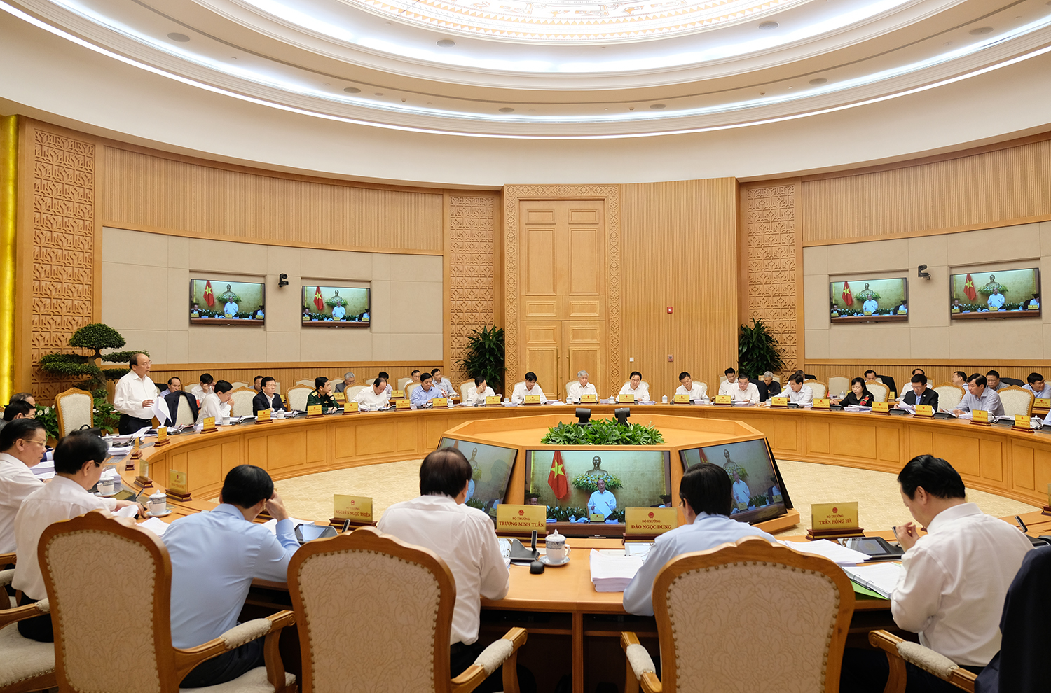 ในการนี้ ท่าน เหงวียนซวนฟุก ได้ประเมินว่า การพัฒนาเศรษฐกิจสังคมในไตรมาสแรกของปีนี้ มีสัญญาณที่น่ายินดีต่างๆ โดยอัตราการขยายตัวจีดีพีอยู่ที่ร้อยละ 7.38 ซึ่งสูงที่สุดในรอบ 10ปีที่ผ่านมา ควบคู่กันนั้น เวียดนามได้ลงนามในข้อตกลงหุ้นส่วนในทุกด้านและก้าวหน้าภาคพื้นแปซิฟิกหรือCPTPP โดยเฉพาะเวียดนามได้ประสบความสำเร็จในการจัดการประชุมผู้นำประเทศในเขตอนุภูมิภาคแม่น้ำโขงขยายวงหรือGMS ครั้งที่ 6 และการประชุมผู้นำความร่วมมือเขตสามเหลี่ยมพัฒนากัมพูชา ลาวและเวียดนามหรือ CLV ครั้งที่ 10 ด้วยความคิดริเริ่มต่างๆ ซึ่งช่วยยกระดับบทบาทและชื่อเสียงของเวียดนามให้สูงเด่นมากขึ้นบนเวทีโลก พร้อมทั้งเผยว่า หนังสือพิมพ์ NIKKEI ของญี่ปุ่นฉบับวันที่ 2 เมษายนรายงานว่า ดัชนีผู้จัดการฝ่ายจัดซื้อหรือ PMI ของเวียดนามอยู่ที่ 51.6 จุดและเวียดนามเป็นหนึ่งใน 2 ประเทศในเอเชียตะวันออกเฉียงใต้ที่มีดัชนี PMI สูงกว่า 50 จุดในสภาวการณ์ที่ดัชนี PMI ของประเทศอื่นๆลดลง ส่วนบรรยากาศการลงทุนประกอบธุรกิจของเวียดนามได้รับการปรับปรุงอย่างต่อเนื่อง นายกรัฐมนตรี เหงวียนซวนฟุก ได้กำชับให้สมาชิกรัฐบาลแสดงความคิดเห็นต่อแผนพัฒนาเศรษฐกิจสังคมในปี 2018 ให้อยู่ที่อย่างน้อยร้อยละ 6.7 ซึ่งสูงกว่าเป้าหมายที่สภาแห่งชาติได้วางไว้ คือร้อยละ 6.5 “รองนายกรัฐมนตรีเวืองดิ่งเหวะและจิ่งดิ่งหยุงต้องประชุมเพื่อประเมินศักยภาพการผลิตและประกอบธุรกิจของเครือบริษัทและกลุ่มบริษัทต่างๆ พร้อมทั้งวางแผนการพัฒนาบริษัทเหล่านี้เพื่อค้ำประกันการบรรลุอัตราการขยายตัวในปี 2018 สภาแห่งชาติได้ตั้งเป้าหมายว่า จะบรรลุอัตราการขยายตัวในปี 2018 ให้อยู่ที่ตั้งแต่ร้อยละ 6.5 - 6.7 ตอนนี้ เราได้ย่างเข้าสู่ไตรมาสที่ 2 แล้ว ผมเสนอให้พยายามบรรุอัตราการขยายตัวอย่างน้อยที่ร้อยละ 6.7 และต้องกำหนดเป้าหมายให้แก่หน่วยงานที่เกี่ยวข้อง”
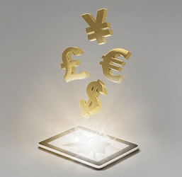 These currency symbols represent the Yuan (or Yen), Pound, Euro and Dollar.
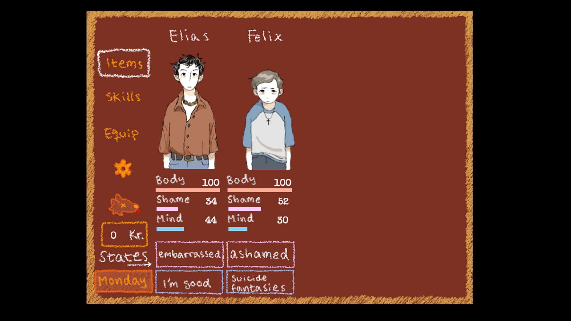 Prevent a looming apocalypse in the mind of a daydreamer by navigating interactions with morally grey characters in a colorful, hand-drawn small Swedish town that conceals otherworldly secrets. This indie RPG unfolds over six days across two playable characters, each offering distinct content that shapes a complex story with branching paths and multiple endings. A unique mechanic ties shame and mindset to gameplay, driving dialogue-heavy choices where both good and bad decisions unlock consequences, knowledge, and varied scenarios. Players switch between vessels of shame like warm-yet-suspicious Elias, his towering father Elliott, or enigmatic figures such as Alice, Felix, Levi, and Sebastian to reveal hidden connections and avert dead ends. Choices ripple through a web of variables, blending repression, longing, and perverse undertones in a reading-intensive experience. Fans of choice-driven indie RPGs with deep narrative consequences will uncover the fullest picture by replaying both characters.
...
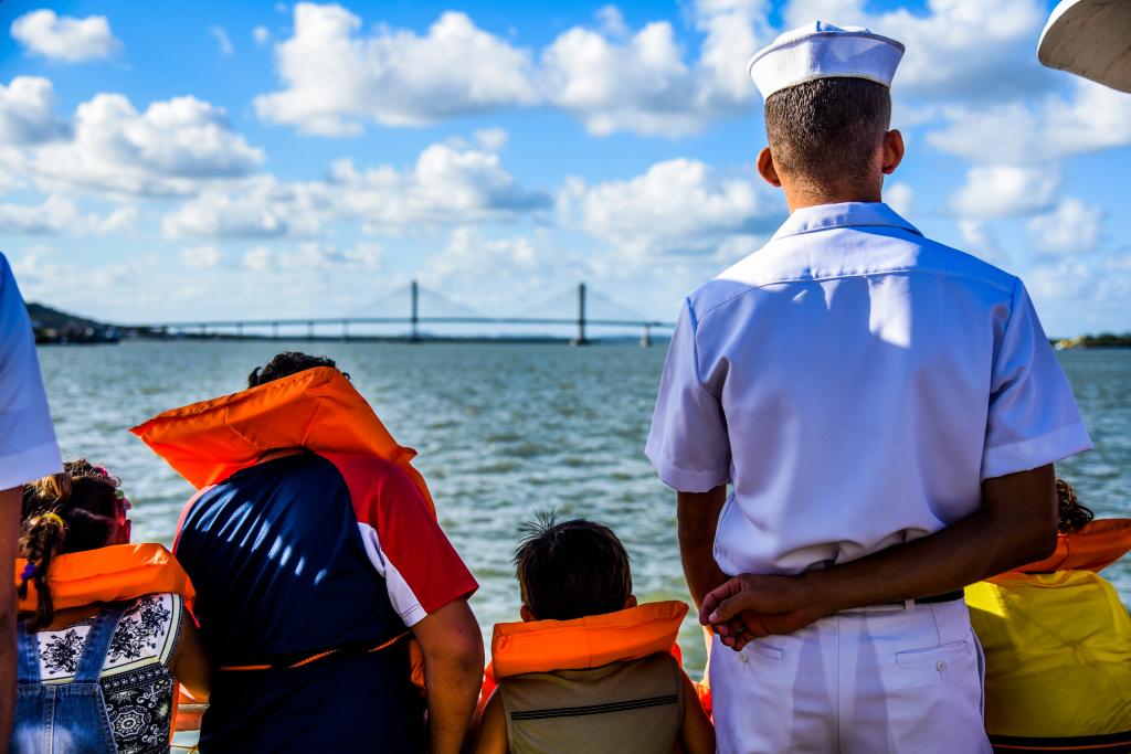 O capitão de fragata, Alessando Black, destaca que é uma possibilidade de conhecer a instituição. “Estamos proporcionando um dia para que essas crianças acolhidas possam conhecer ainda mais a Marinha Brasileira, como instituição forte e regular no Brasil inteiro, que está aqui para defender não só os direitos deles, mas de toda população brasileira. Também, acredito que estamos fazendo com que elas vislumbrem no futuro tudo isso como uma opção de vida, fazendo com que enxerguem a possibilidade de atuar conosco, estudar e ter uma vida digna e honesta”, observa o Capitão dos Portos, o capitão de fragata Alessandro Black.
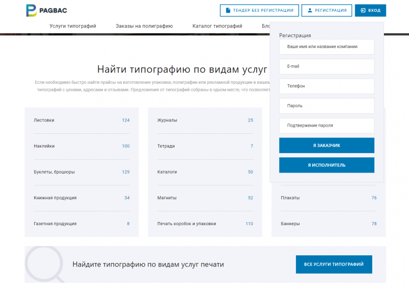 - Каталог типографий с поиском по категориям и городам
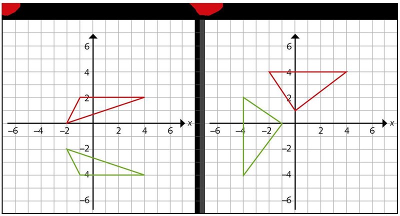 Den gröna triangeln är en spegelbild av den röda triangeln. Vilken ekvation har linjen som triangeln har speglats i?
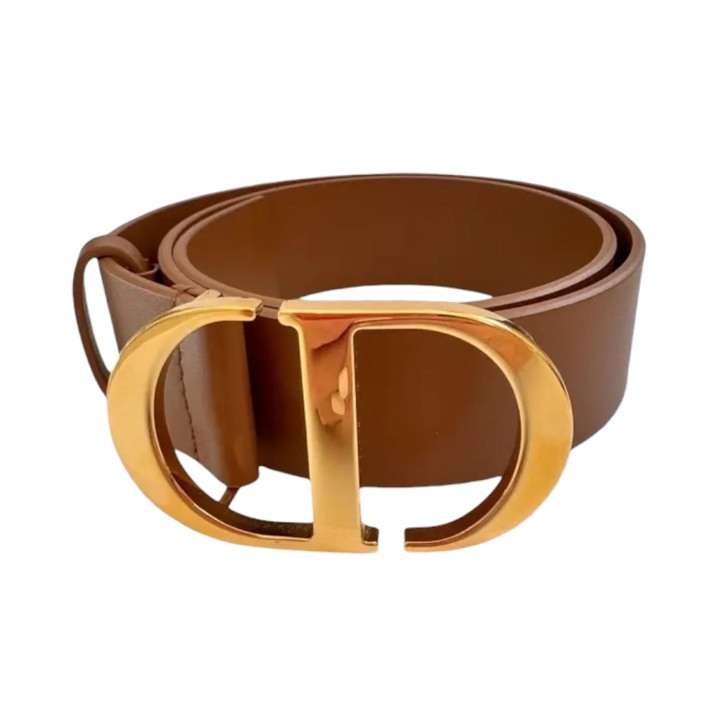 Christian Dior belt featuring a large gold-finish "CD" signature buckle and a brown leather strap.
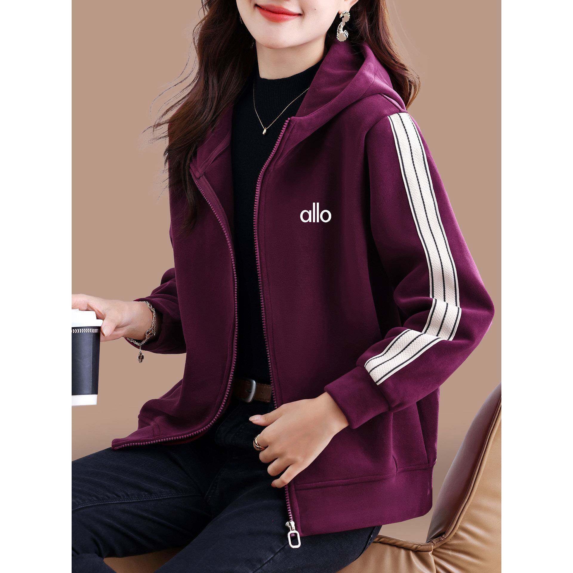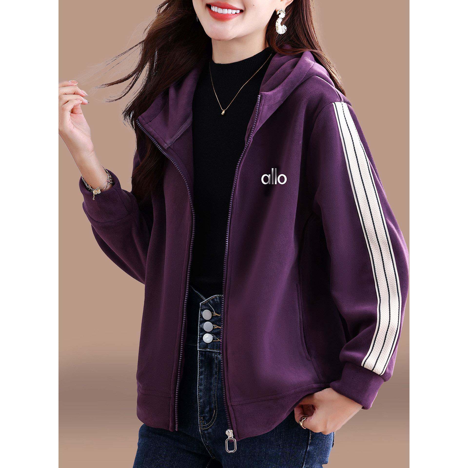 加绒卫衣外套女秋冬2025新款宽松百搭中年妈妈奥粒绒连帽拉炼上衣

### Exercise aim
Copy exactly the part of the material above that opens with the line containing "These currency symbols" and closes with the line containing "Prevent a looming", ends included. Drop the images.

### Completed exercise
 These currency symbols represent the Yuan (or Yen), Pound, Euro and Dollar.
 Prevent a looming apocalypse in the mind of a daydreamer by navigating interactions with morally grey characters in a colorful, hand-drawn small Swedish town that conceals otherworldly secrets. This indie RPG unfolds over six days across two playable characters, each offering distinct content that shapes a complex story with branching paths and multiple endings. A unique mechanic ties shame and mindset to gameplay, driving dialogue-heavy choices where both good and bad decisions unlock consequences, knowledge, and varied scenarios. Players switch between vessels of shame like warm-yet-suspicious Elias, his towering father Elliott, or enigmatic figures such as Alice, Felix, Levi, and Sebastian to reveal hidden connections and avert dead ends. Choices ripple through a web of variables, blending repression, longing, and perverse undertones in a reading-intensive experience. Fans of choice-driven indie RPGs with deep narrative consequences will uncover the fullest picture by replaying both characters.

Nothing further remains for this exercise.